Dalam jumpa pers tersebut Rudy didampingi Kepala Disdik Solo, Etty Retnowati. Rudy menambahkan sistem zonasi bertujuan mendekatkan sekolah ke masyarakat dan pemerataan pendidikan.

Selain itu, pembinaan dan pendampingan kepada sekolah serta masyarakat lebih mudah serta untuk efisiensi waktu dan biaya karena orang tua tidak perlu mengeluarkan biaya membeli bahan bakar minyak (BBM) untuk transportasi anaknya ke sekolah.

“Tidak kalah pentingnya kesehatan anak-anak terjamin karena anak tidak lagi menghirup udara kotor dari asap knalpot kendaraan di jalan raya,” ungkap Rudy.

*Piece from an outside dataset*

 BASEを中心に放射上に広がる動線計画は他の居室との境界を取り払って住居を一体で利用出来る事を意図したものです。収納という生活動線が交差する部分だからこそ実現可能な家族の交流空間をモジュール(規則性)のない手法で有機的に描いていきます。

Penentuan zonasi PPDB SD dan SMP, sambung dia, berdasarkan jarak dari kantor kelurahan ke sekolah, bukan dari rumah calon siswa ke sekolah. Jarak zona 1 untuk SD sekitar 2,8 km, sedangkan jarak zonasi 1 SMP sekitar 3 km.

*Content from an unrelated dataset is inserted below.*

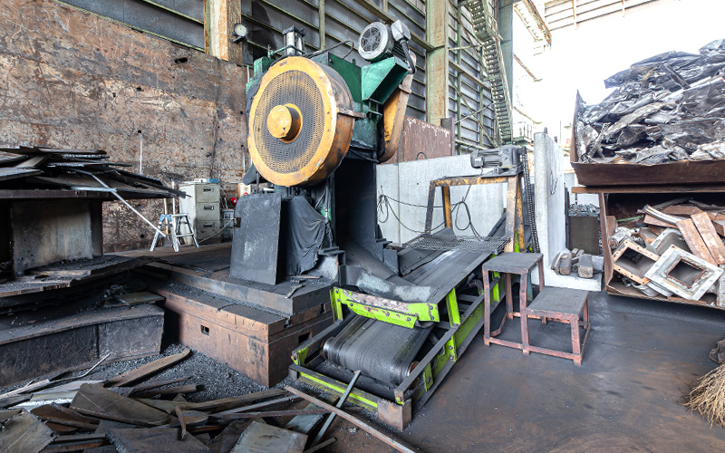 尾道市に位置する当社工場には、金属スクラップを効率的にリサイクル処理を行う各種設備を整えております。
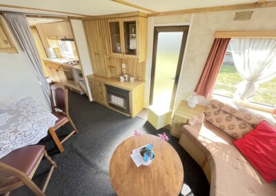 – SALON : duża kanapa, stolik kawowy, meble, piecyk do ogrzewania, dodatkowe wyjście na zewnątrz

“Ini memang belum sesuai ketentuan. Sesuai ketentuan zonasi dihitung berdasarkan jarak rumah calon siswa ke sekolah sehingga siswa bisa jalan kaki ke sekolah. Ke depan akan diperbaiki,” jelas Rudy.

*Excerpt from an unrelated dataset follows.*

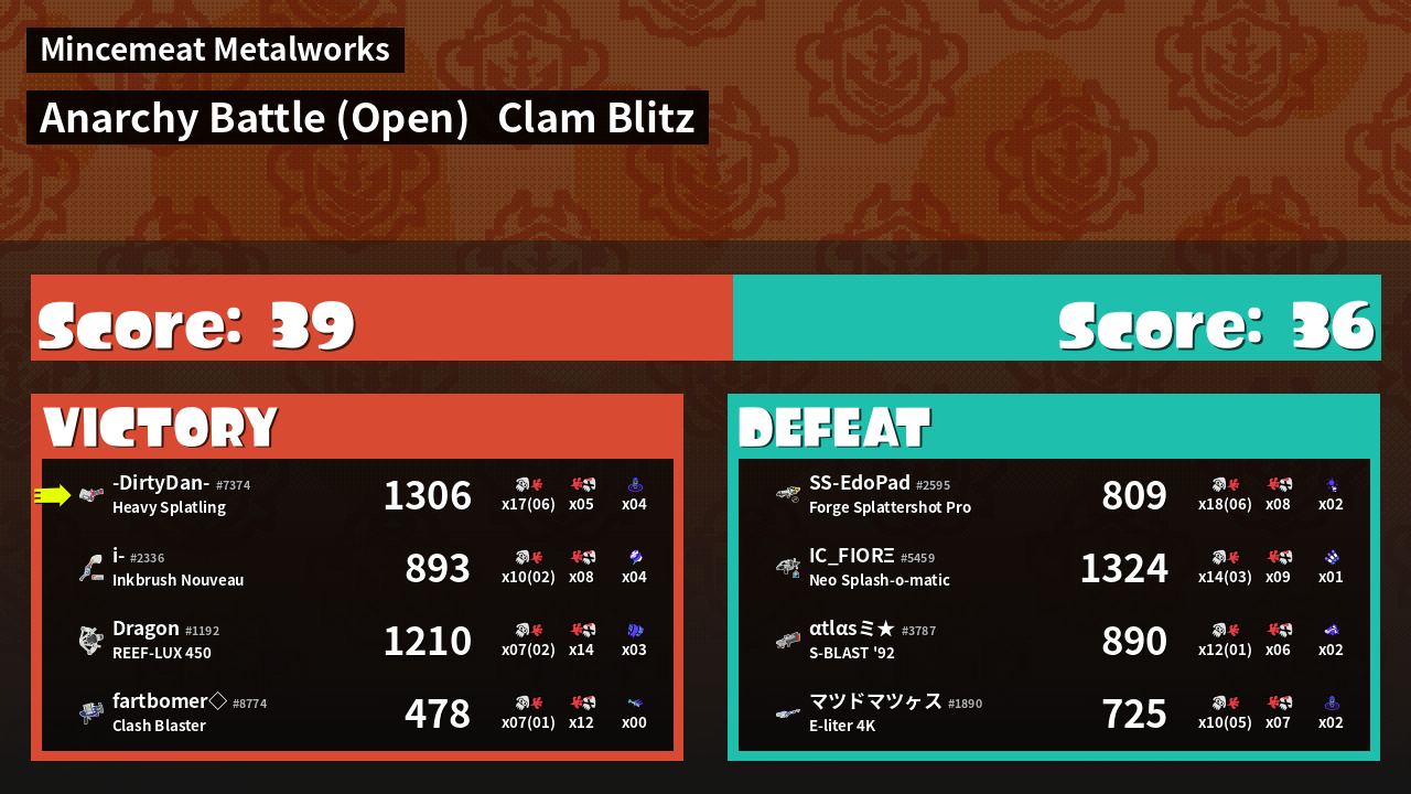 | Mode | Clam Blitz - Anarchy Battle (Open) | ||

Dia menambahkan tidak ada pungutan uang kepada calon siswa pada pelaksanaan sistem zonasi PPDB SD dan SMP. “Bila ada sekolah yang menarik uang pungutan laporkan kepada saya akan ditindak tegas,” tandanya.

Kepala Disdik Solo, Etty Retnowati, mengungkapkan Solo paling siap melaksanakan sistem zonasi PPDB sampai tingkat kelurahan. Untuk menentukan zonasi tingkat kelurahan itu merupakan hasil kajian dari tim Universitas Sebelas Maret (UNS) Solo.

“Kami sudah siap melaksanakan PPDB SD dan SMP dengan sistem zonasi pada 2-5 Juli 2018,” tandas dia.

Dia menambahkan Disdik telah melakukan sosialiasi zonasi PPDB SD dan SMP ke masing-masing sekolah dan kelurahan. Jumlah sekolah yang mengikuti sistem zonasi ada 162 SDN dan 27 SMPN serta 30 SMP swasta.

Masyarakat, imbuh Etty, dapat mengecek SD dan SMP zona 1 di kantor kelurahan masing-masing. “Pendaftaran PPDB SD dan SMP menggunakan dua sistem yakni offline dan online,” jelas dia.

Pendaftaran offline diperuntukkan calon siswa dari keluarga miskin (gakin) dan calon siswa berkebutuhan khusus. Pendaftaran dimulai 25-26 Juni 2018.

“Kuota siswa gakin sebesar 30 persen dari daya tampung masing-masing sekolah. Bila pendaftaran offline siswa gakin belum memenuhi kuota akan dibuka secara online,” ujar Etty.